Recognising that most patients have chronic, ongoing needs changes the types of staff and skills that are needed. For example, a person with mental illness may have needs for supervision of medication, counselling and welfare rights support. Currently these skills are held by a range of people, but could easily be provided by one person. Evidence has shown the value of nurses in chronic disease management and there are potentially wider roles for pharmacists and health care assistants.. The move from consultant led to consultant provided hospital care changes the ways we should provide education and continuing professional development. GPs could play a greater role in managing chronic diseases, but that would have implications for training (and recently the numbers of GPs relative to the population have been falling). Workforce planning is never easy, but we need to be more serious in planning the workforce for merging roles.

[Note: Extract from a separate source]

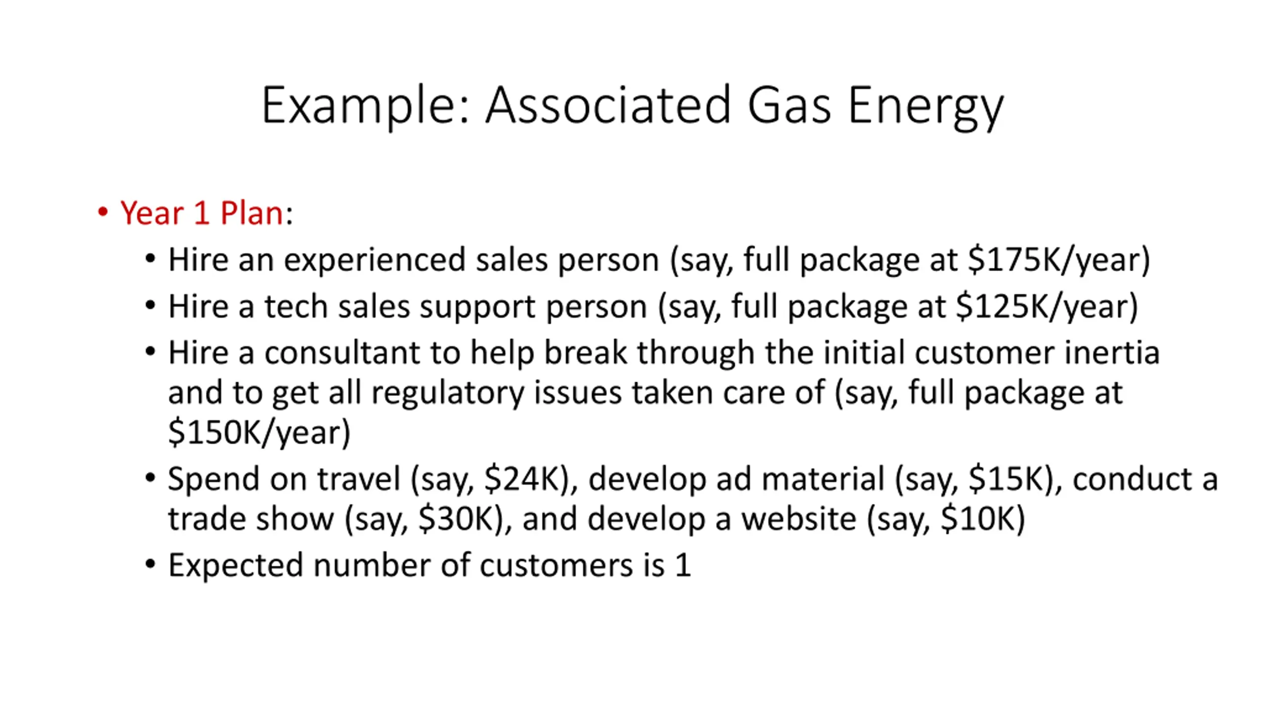 Example: Associated Gas Energy Year 1 Plan: Hire an experienced sales person (say, full package at $175K/year) Hire a tech sales support person (say, full package at $125K/year) Hire a consultant to help break through the initial customer inertia and to get all regulatory issues taken care of (say, full package at $150K/year) Spend on travel (say, $24K), develop ad material (say, $15K), conduct a trade show (say, $30K), and develop a website (say, $10K) Expected number of customers is 1

There is a tendency to be pessimistic about reform of health services. Gains that have been made are not always recognised. Some issues will not go away, but it would be a help if at least we were clearer about what we want to achieve. Grand schemes have their place, but many problems need careful and painstaking work. Health systems are complex, and outcomes of reforms are often different from what was planned. Traditional ways of doing things are hard to change. To meet growing needs and to better meet the current needs there must be improvements in efficiency and quality of care. These require careful changes in the ways we plan, fund, organise and staff the services.